Retype each line below precisely and omit all images.
═════ Exercise data
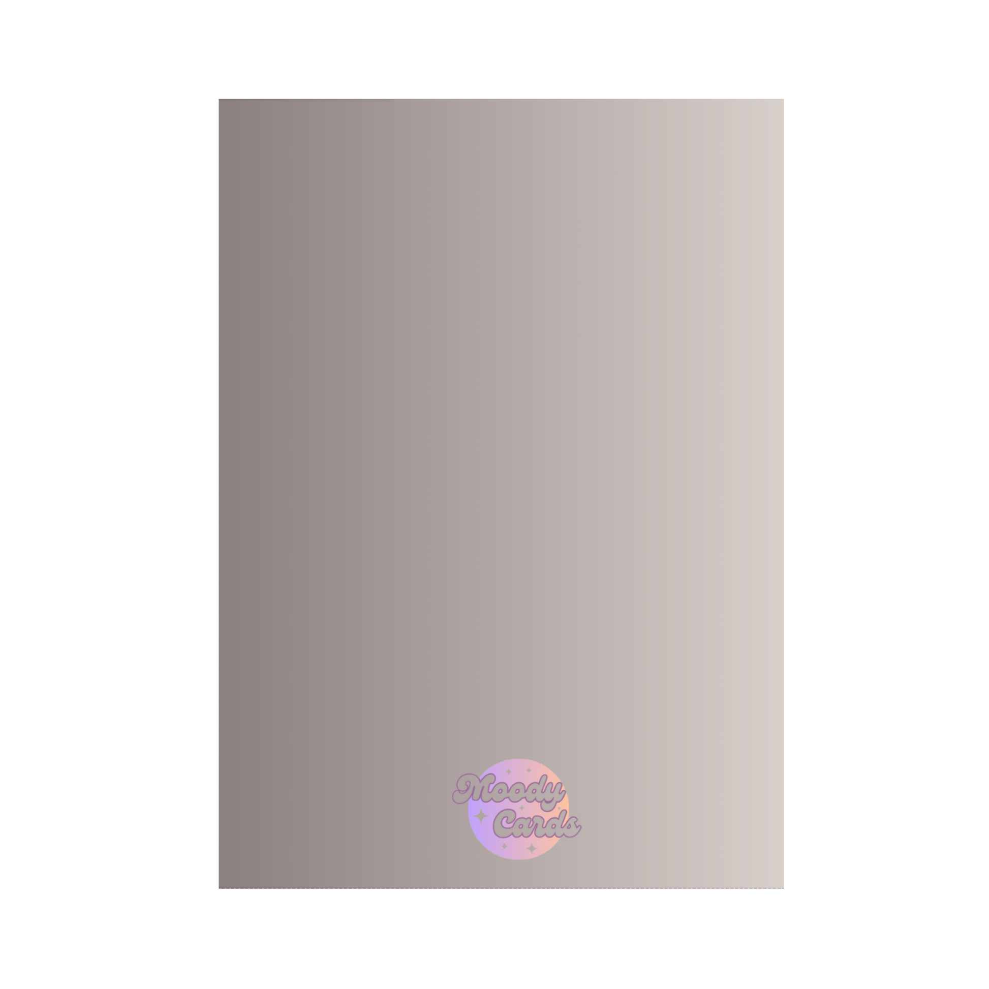 Step into the whimsical and a bit unsettling world of our Mad Hatter greeting card. This striking 5x7" card features a fantastical, tarot-inspired illustration of a jester-like figure with a purple top hat and wild, curly hair. The character's eccentric style, complete with ruffles and playing card symbols, gives the card a unique and darkly curious vibe.
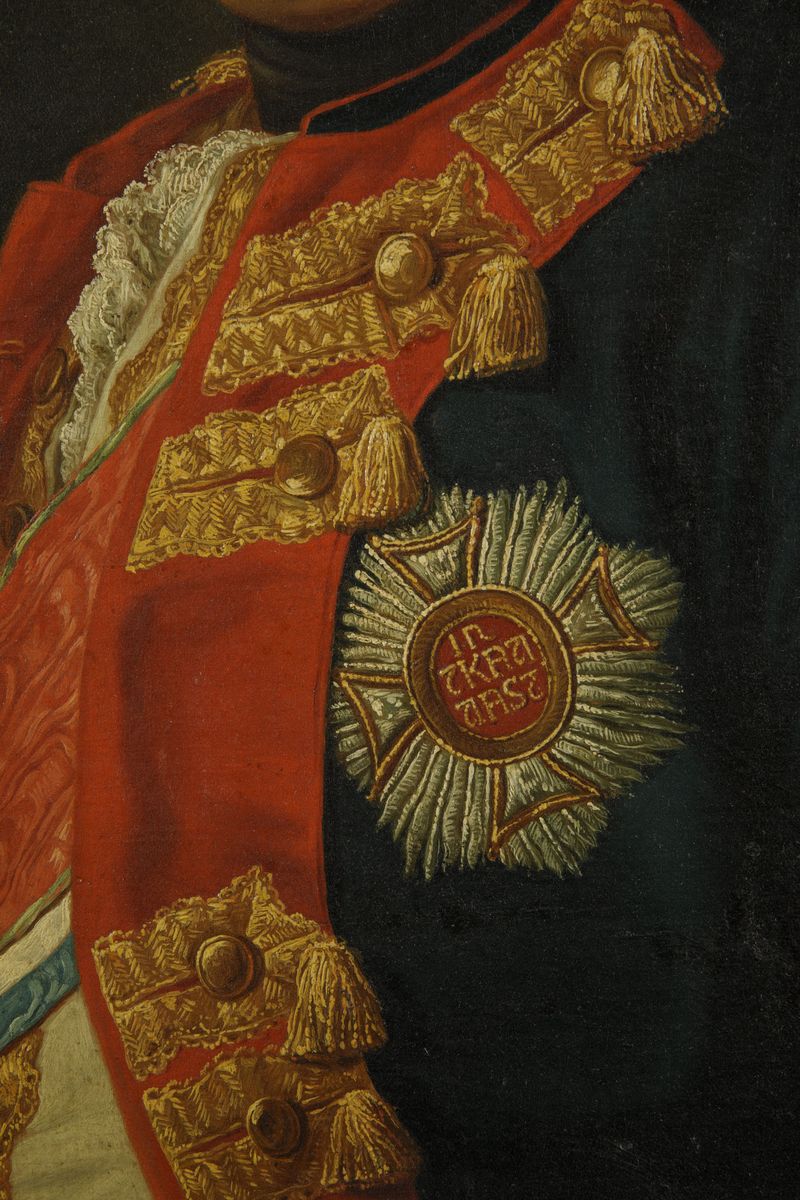 Spesso replicata dalla bottega di Batoni, l'invenzione originale si custodisce presso il Berchtesgaden Castle di Salisburgo, proveniente dalle raccolte della famiglia Wittelsbach, e a sua volta derivata da una composizione a figura intera conservata all'Alte Pinakothek di Monaco. Nella redazione salisburghese, l'elettore di Baviera Karl Theodor (1724-1799), stando alle fonti avvezzo frequentatore del pittore e del suo studio, appare ritratto a mezzo busto mentre sfoggia l'uniforme blu e le insegne dell'Ordine del Leone di Baviera. Il nostro esemplare, ammirabile per la bella qualità e la premura impiegata nella resa dei dettagli, si può considerare opera di un allievo particolarmente dotato vicino al maestro.
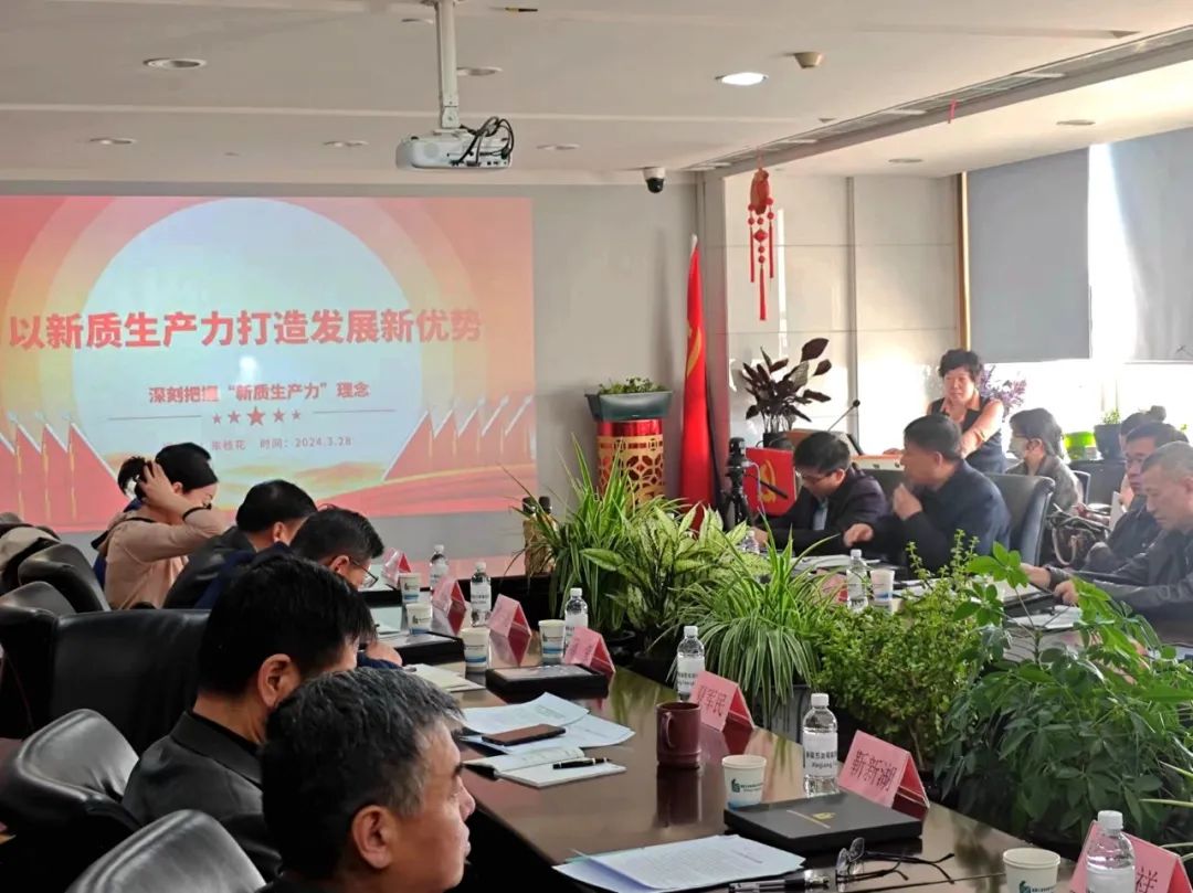 会上罗开明同志传达学习习近平总书记致中华工商业联合会成立70周年的贺信精神;靳新湖同志传达学习全国“两会”精神;李自学同志传达学习习近平总书记在新时代推动中部地区崛起座谈会上的重要讲话精神;于三宝同志传达学习全国工商联主席高云龙署名文章;李自学同志传达学习习近平总书记在新时代推动中部地区崛起座谈会上的重要讲话精神;朱桂花同志为大家上了一堂主题为“以新质生产力打造发展新优势”的党课,进一步深刻把握“新质生产力”理念。
══════════
Response
 Step into the whimsical and a bit unsettling world of our Mad Hatter greeting card. This striking 5x7" card features a fantastical, tarot-inspired illustration of a jester-like figure with a purple top hat and wild, curly hair. The character's eccentric style, complete with ruffles and playing card symbols, gives the card a unique and darkly curious vibe.
 Spesso replicata dalla bottega di Batoni, l'invenzione originale si custodisce presso il Berchtesgaden Castle di Salisburgo, proveniente dalle raccolte della famiglia Wittelsbach, e a sua volta derivata da una composizione a figura intera conservata all'Alte Pinakothek di Monaco. Nella redazione salisburghese, l'elettore di Baviera Karl Theodor (1724-1799), stando alle fonti avvezzo frequentatore del pittore e del suo studio, appare ritratto a mezzo busto mentre sfoggia l'uniforme blu e le insegne dell'Ordine del Leone di Baviera. Il nostro esemplare, ammirabile per la bella qualità e la premura impiegata nella resa dei dettagli, si può considerare opera di un allievo particolarmente dotato vicino al maestro.
 会上罗开明同志传达学习习近平总书记致中华工商业联合会成立70周年的贺信精神;靳新湖同志传达学习全国“两会”精神;李自学同志传达学习习近平总书记在新时代推动中部地区崛起座谈会上的重要讲话精神;于三宝同志传达学习全国工商联主席高云龙署名文章;李自学同志传达学习习近平总书记在新时代推动中部地区崛起座谈会上的重要讲话精神;朱桂花同志为大家上了一堂主题为“以新质生产力打造发展新优势”的党课,进一步深刻把握“新质生产力”理念。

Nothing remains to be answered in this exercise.